# Application lecture PDF et ebooks avec inversion contraste ?



## quetzal (5 Juillet 2011)

Comme d'autres personnes, j'envisagerais d'acheter un iPad ou une autre tablette, pour (dans l'ordre d'utilisation) :

- Lire des livres (ebooks), et surtout des PDF de travail,

- Faire une veille sur Internet (via des sites directs, Twitter, etc.),

- Utiliser occasionnellement d'autres applications principalement bureautiques : Keynote, Mail, Evernote, etc.

Pour le premier de ces besoins, j'ai comparé plusieurs tablettes à la FNAC, et les qualités de l'iPad (luminosité, couleurs, etc.) semblent constituer des défauts dans le cas de la lecture. Plusieurs utilisateurs signalent le fait qu'on peut être fatigué après quelques dizaines de minutes de lecture. Or, je suis déjà beaucoup derrière l'écran de mon MacBook Pro. 

Les écrans passifs des liseuses (Kindle, Fnacbook, etc.) sont beaucoup moins fatigants. Certaines tablettes sous Android semblent aussi pouvoir inverser facilement le contraste des ebooks, pour avoir des caractères blancs sur fond noir, c'est beaucoup moins fatigant pour l'oeil que l'inverse. Quant aux PDF, je n'en suis pas sûr, mais ce serait certainement une solution intéressante pour éviter la facture d'un écran actif.

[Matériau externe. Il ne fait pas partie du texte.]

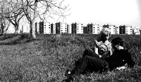 Pour ne pas rester dans une chambre vide, avec une armoire aux portes ouvertes avec des cintres qui pendaient et cliquetaient, je sortis de l’hôtel et attendis un bus Piazza Vescavio. Longtemps, à l’arrêt du bus j’observais des paquets de moucherons qui formaient des nuées sous les lampadaires. Je montai dans un bus vide qui traversa le Tibre par un pont de fer. Je découvris, posée sur une eau d’un vert plomb une sorte de bâtisse en planches, arrimée au quai par des filins et je me souvins que dans ma jeunesse en Bretagne j’avais pris des cours d’aviron de mer . Plus loin s’étendait une zone déserte, herbeuse, entourée de grillage. Enfin le bus s’arrêta dans une sorte de gare interurbaine avec des bus bien alignés, éteints. C’était le terminus. Je descendis. Il y avait des groupes d’hommes silencieux qui fumaient et attendaient. Ils avaient tous des tenues de chantier , certains portaient des gamelles ou des sacs à dos. Ils me fixèrent ou plutôt fixèrent surpris et désapprobateurs ma veste de lin et ma chemisette rouge bien repassée . Il me semblait déjà avoir vécu cette scène dans une autre vie. Je m’éloignai le long de la chaussée. Plus loin des routes à l’abandon s’achevaient en buissons et en lignes d’herbe sèche. Il y avait des piliers de béton, solitaires, avec des affichettes électorales pour le Parti communiste toutes déchirées,ou tagguées ou pâlies à cause des intempéries.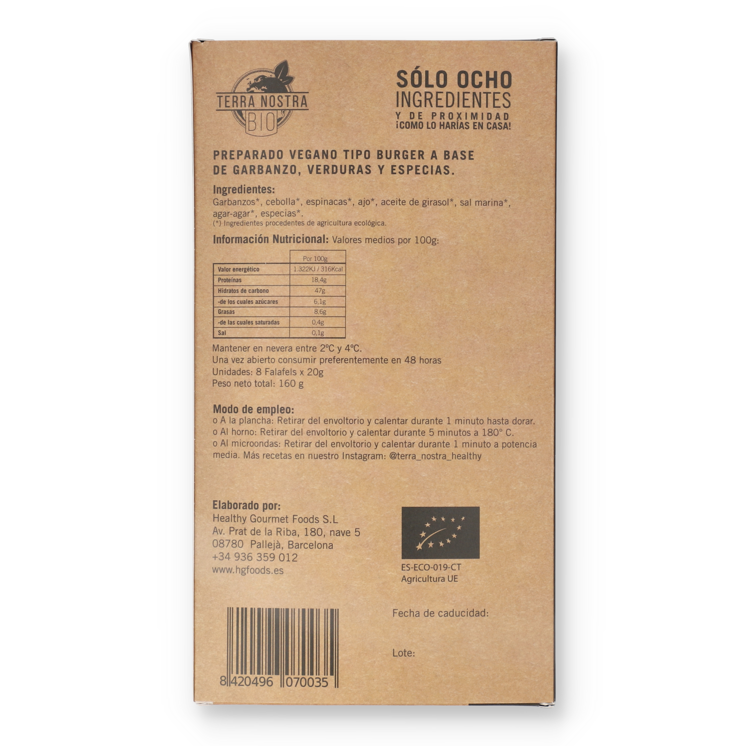Pack con 8 mini hamburguesas de falafel, de color cremoso con toques verdes y aroma y sabor propios del garbanzo que constituye la base de la composición del producto.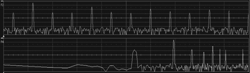 | 圖7 上方波形為示波器運算輸入訊號之FFT結果,水平軸單位是頻率,十進制單位,下方波形是經過進階運算功能運算所獲得之波形,水平軸以10為底之對數單位,兩者可同時在畫面上顯示。 |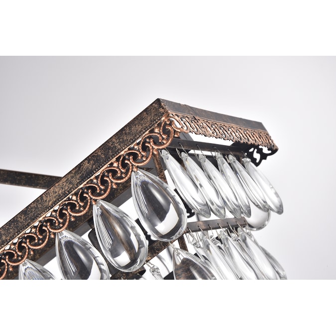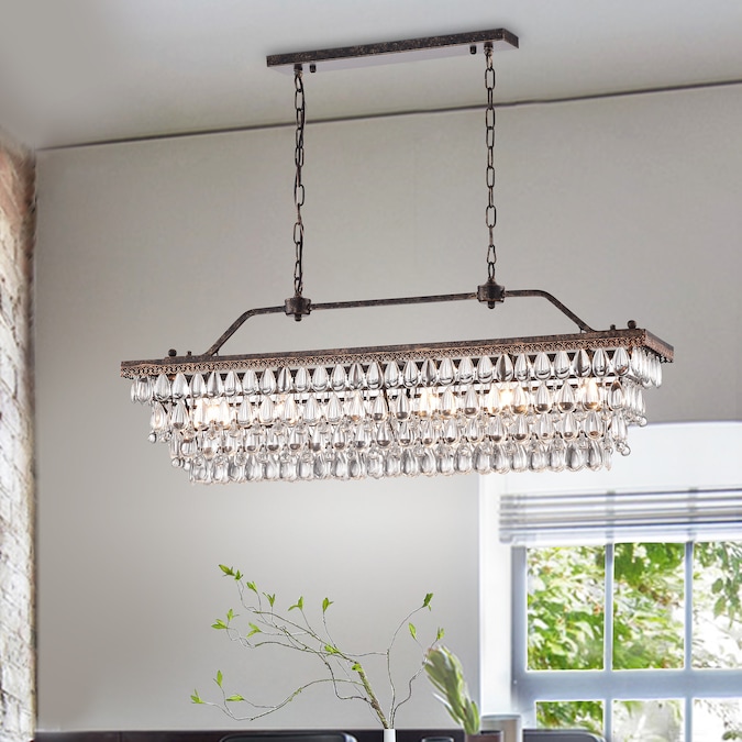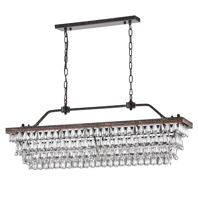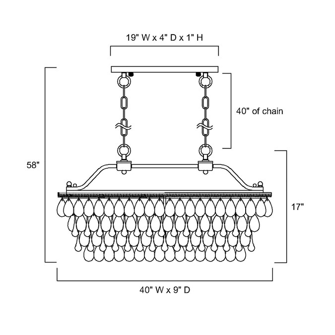 This opulent rectangular shaped chandelier is an even larger version of our popular EPD301AB and is a perfect fixture for a dining room or over a kitchen island. The brushed bronze hardware gives it an antique feel that is traditional yet contemporary This fixture makes a statement and adds drama with its four rows of cascading teardrop crystals filter the four lights and brighten the room. A 40-inch adjustable chains make it perfect for any room size or situation

Or, sur l'iPad la seule façon d'inverser le contraste est semble-t-il dans les Préférences, et comme sur l'iPhone ou le Mac, cela inverse également les couleurs, et laisse des trainées de lumière le long des marges des livres et fichiers numériques.

Savez-vous s'il existe une fonction ou une application qui propose cette inversion de contraste 1/ sur les ebooks ; 2/ sur les PDF (sans changer la couleur des graphiques, par exemple) ? Si ça n'existe pas, ce serait une bonne idée d'en concevoir une, n'est-ce pas ?


----------



## albedo83 (9 Juillet 2011)

Tu as accès à la luminosité directement dans ibooks, j'avoue avoir passé plusieurs heures de lectures d'affilé sans ressentir une gêne quelconque, l'inversion me semble vraiment pas utile (bien que présente effectivement dans les prefs).
Je dirais même que je suis assez surpris du confort, et c'est plus le poids de l'ipad ou sa "faible" résolution qui me gêne, mais bon ça reste confortable faut pas abuser et sans soucis majeurs une heure ou deux.


----------



## quetzal (15 Juillet 2011)

@albedo83 j'ai test la fonction "luminosité" sur l'iPad, et aussi l'inversion générale du contraste. Ni l'un ni l'autre ne donnent le résultat que donnerait une application avec cette fonction spécifique, opérant uniquement à l'intérieur d'un PDF. 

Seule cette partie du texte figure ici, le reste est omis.